The university continued to be lethargic and forgotten. And the blackout was still missing, the tragedy of the Process: the criminal dictatorship 1976-1983.

Ominous shadows until Alfonsín: democracy recovered.

The proud ship has sailed again. But the lost time, the nullified science, the silenced talent of its professors, will never be recovered.

It is impossible to calculate, in terms of cultural backwardness, the wound opened by the dictator. The one who, like the Nazis Göring and Goebbels, or the Francoist Millán-Astray (the quote is attributed to all three), when he heard the word culture did not draw his pistol: he resorted to long canes.

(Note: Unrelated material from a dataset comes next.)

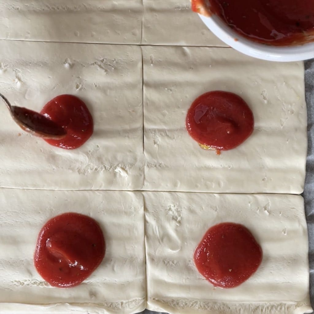 Coloca en el centro de cada rectángulo un poco de puré de tomate,

(Post scriptum: at midnight on June 30, 1966, one day after the massive attack on the universities, the editor-in-chief of Primera Plana magazine, Julio Algañaraz, recalled The Night of the Long Knives, a bloody political purge - July 1, 1934 – within the Nazi party that ended with a massacre. In Operation Hummingbird – as it was called – knives were not used: it is an old German metaphor. That memory dictated a cover title that went down in history : The night of the long batons).